96 yaşında yaşamını yitiren Kraliçe 2.Elizabeth’in cenaze törenine ilişkin detaylar belli olmaya başladı.19 Eylül’de ki törenle defnedilecek Kraliçe’nin cenazesinde uygulanacak düzenlemelerde açıklanmaya başladı. İngiliz hükümeti buna göre törene gelecek liderlere bazı şartlar sundu. Söz konusu şartlardan sonra cenazeye gitmeyi düşünen Cumhurbaşkanı Recep Tayyip Erdoğan’ın gidip gitmeyeceği merak konusu oldu.
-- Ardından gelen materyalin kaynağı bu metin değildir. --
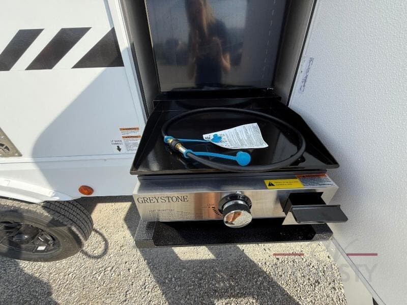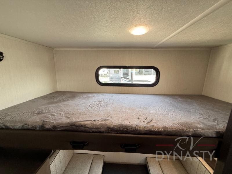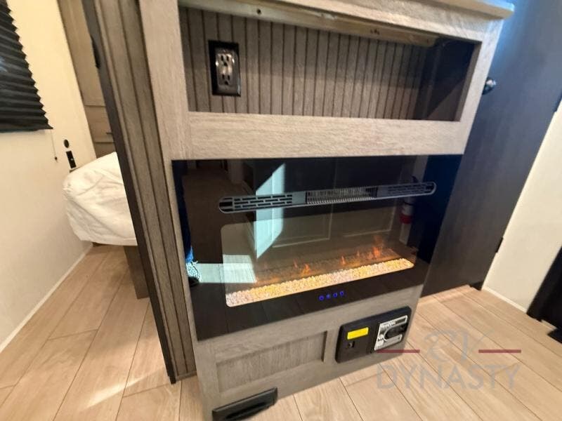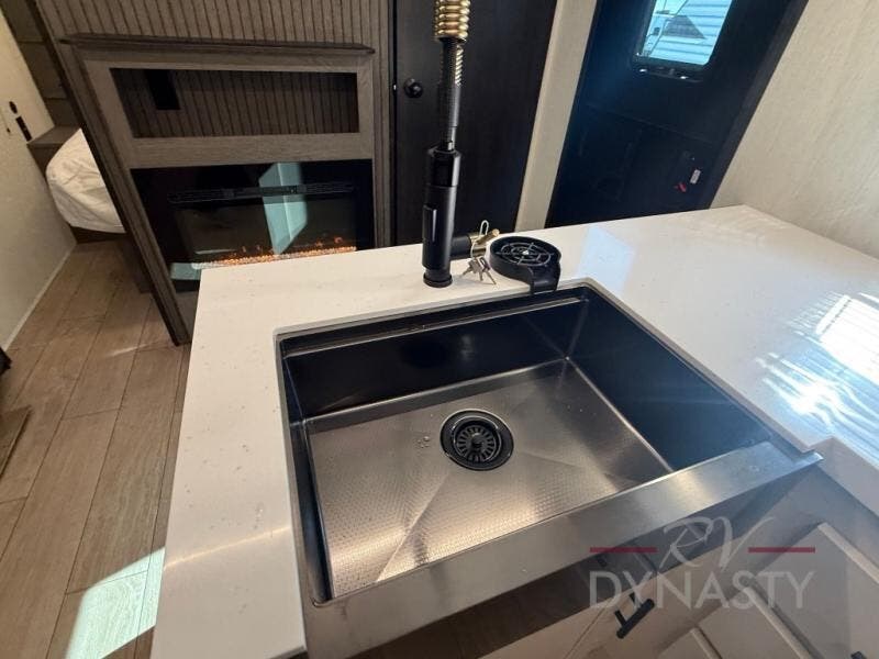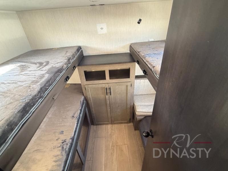 Looking for a spacious travel trailer to sleep nine or ten happy campers? You've found it in this Cherokee Alpha Wolf model with a handy outside kitchen, a bunkhouse with a dinette, a front private bedroom, and a large slide out! The main living and kitchen area has a U-shaped dinette to utilize as a dining table, game table, work station, and/or an extra sleeping space. There is also a jackknife sofa for seating, TV watching, or sleeping. From any seating area you can easily view the entertainment center and fireplace which is centered in the unit with doors on either side to the front private bedroom. You will also find a nice pantry and full kitchen amenities including a large sink, and residential-style refrigerator allowing you to easily create meals for your hungry crew. The exterior provides an 18' awning for an outdoor living area over the outside kitchen, and there is ample exterior storage for all of your camping gear like camp chairs, outside games, rugs, and more.

ÖZEL UÇAK VE ZIRHLI ARAÇ YOK
İngiltere’den yapılan açıklamada, “Mümkünse”, yabancı liderlerin İngiltere’ye ticari uçuşlarla gelmeleri gerektiğini tavsiye ederek, Londra Heathrow havaalanının özel uçuş düzenlemeleri veya uçak park yeri için uygun olmayacağı konusunda uyardı. Özel jetle seyahat etmekte ısrar eden liderlerin Londra çevresindeki “daha az yoğun havaalanlarına” yönelmeleri gerektiğini de sözlerine ekledi. Dünya liderlerine ayrıca 19 Eylül’de Westminster Abbey’deki cenazeye katılmak için kendi zırhlı devlet arabalarını kullanamayacakları ve bunun yerine batı Londra’daki bir siteden toplu olarak otobüsle gidecekleri söylendi.
CUMHURBAŞKANI’NIN GİDİP GİTMEYECEĞİ MERAK EDİLİYOR
Cumhurbaşkanı Erdoğan, kendisine yöneltilen “Kraliçe Elizabeth’in cenaze törenine katılacak mısınız” sorusuna, “Taziye mesajımızı sosyal medyadan gönderdik. Tabii bizim de programlar vesaire var. Eğer programlar el verirse merasime katılmayı düşünüyorum. Ama bütün mesele bizim de kendi programlarımızla beraber bunu denk getirebilmek. Çünkü tanımadığım birisi değil. Buckingham Sarayı’nda iki kez görüşmemiz oldu. Temenni ederim ki fırsat bulursak biz de bu merasimde bulunmak isteriz” ifadelerini kullanmıştı. Cumhurbaşkanı Erdoğan’ın bu uygulamalardan sonra nasıl bir karar vereceği ve cenazeye katılıp katılmayacağı merak ediliyor.
GEÇEN YIL GÜVENLİK PROTOKOLÜ KRİZİ ÇIKMIŞTI
Kraliçe Elizabeth’in cenaze törenine katılacağını açıklayan Cumhurbaşkanı Erdoğan, geçen yıl İskoçya’nın Glasgow kentinde düzenlenen 26’ncı BM İklim Değişikliği Konferansı’na (COP26) “güvenlik eksikliği” nedeniyle katılmamıştı. Erdoğan’ın zirveye katılmama nedeninin “Türk delegasyonundaki kişi sayısına ve resmi araç sayısına getirilen kısıtlamalar” olduğu belirtilmişti.